Every technology is intimately connected to a certain materials platform. Information technology is based
on silicon, modern batteries are made from lithium compounds, and magnetic materials are important for
the energy sector. Moreover, interfaces between materials are often the enabler of dedicated
functionalities calling for not only the design of individual materials but also of their interfaces.

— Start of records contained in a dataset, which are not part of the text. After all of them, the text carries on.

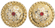 Borer i forgylt sølv med kvit filigran og raud stein i midten. Desse har syhol og kan syast på bunaden. Vert leverte som par.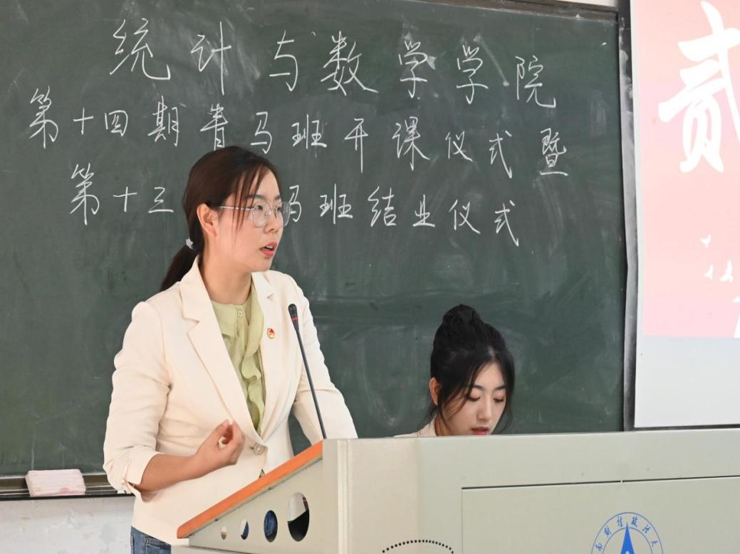 新闻网讯(学生通讯员 杨姝煜 熊吉祥)10月28日,统计与数学学院第十四期青马工程培训班开课仪式暨第十三期青马工程培训班结业仪式活动于文澜207顺利举办。院团委书记、23级本科生辅导员陈盈老师,第24届研支团成员苏正民及团学骨干团成员高庭萱、王秀宇、陈怡霖、张怡作为嘉宾出席本次活动,第十三期青马工程培训班优秀学员和结业学员代表,十四期青马工程培训班全体成员及2022级新发展团员共69人参加学习。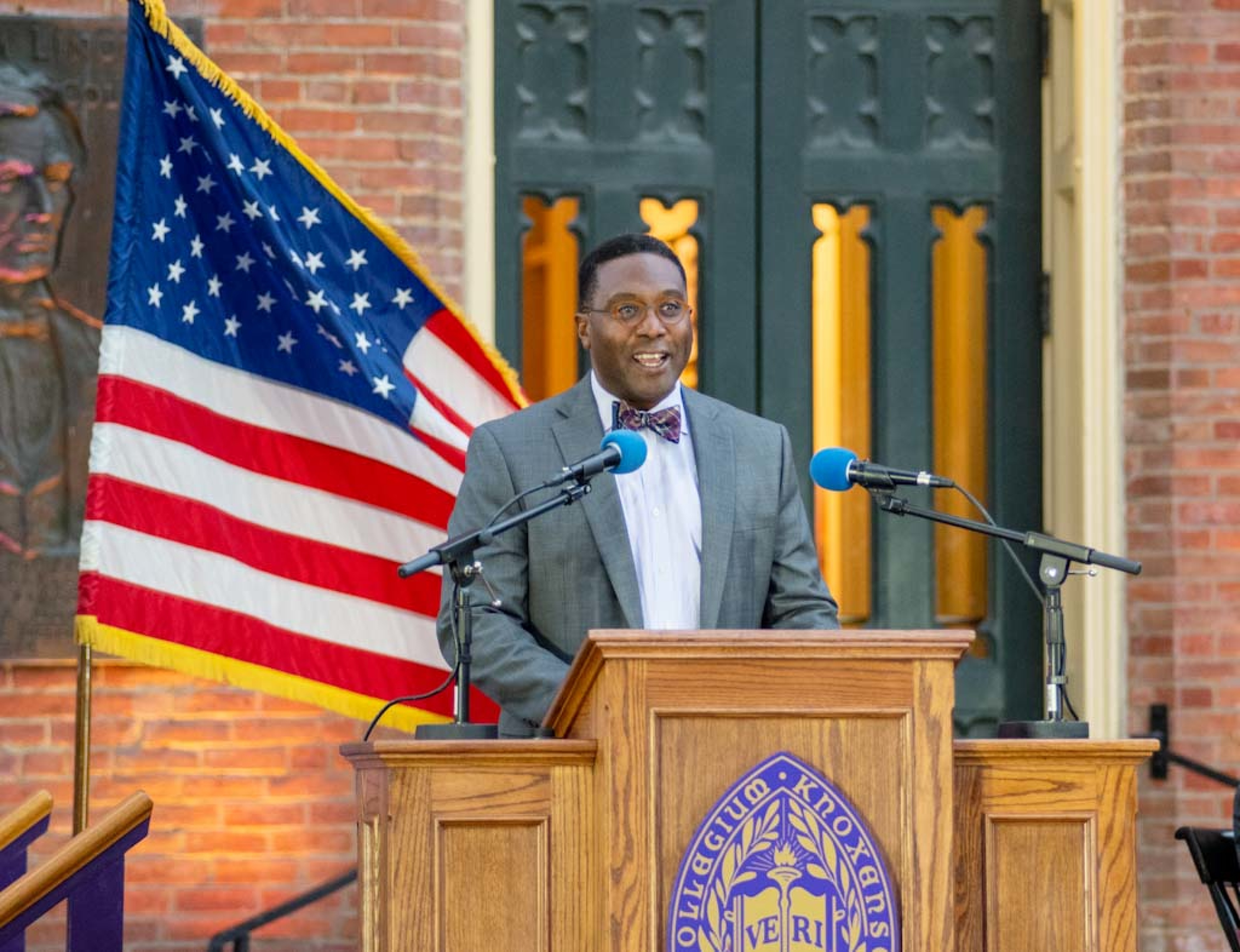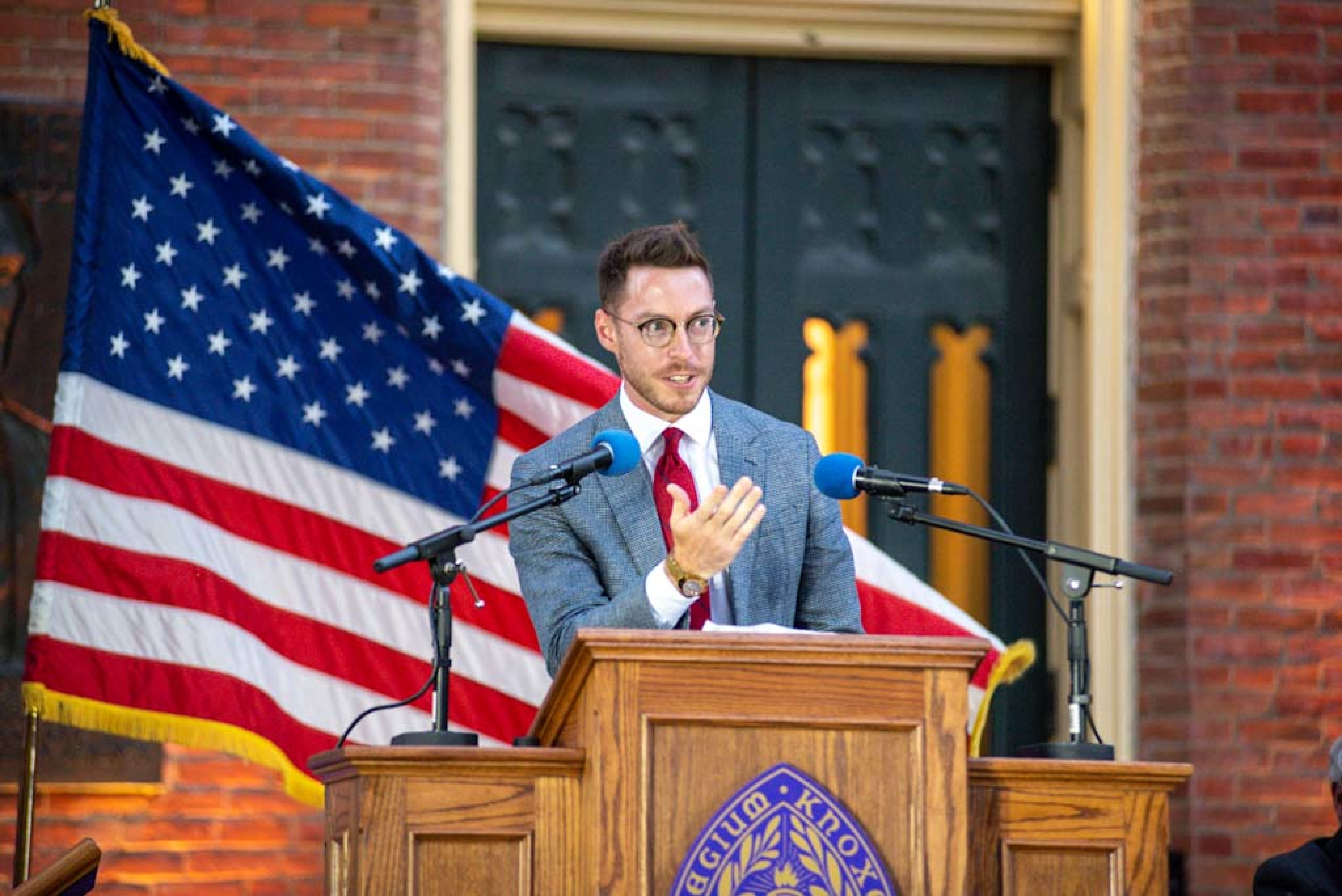 A large audience filled the East Lawn of Old Main September 20 as Knox College hosted a debate to celebrate Constitution Day.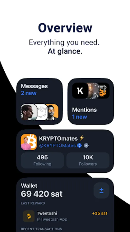 ⚡️Tweetoshi is a Twitter client with an integrated bitcoin lightning network. This allows you to use your Twitter account with extra features that are especially appreciated by the crypto community.
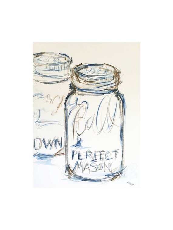 Mason Jar Print Rustic Kitchen Decor Blue Mason Jar Wall Etsy

The Dresden-concept group “Autonomous Materials Thermodynamics – AutoMaT” leverages state of the
art predictive computational methods for materials and interface design. We specifically focus on the
data-driven discovery of novel two-dimensional (2D) materials for future electronics and energy
applications with strong partners from the DFG collaborative research center 1415 “Synthetic Two-dimensional
Materials” hosted at TU Dresden, HZDR, Forschungszentrum Jülich, and Duke University
(United States).
Two-dimensional materials are traditionally derived from bulk layered compounds. The recent surprising
experimental realization of some 2D sheets obtained from non-layered crystals foreshadows a new
direction for this diverse class of nanostructures. Generalizing these findings, we recently predicted by
data-driven methods and autonomous ab initio calculations a large set of novel representatives. They
exhibit appealing magnetic properties enabling spintronics. These systems and their interfaces are thus an
attractive platform for fundamental and applied nanoscience.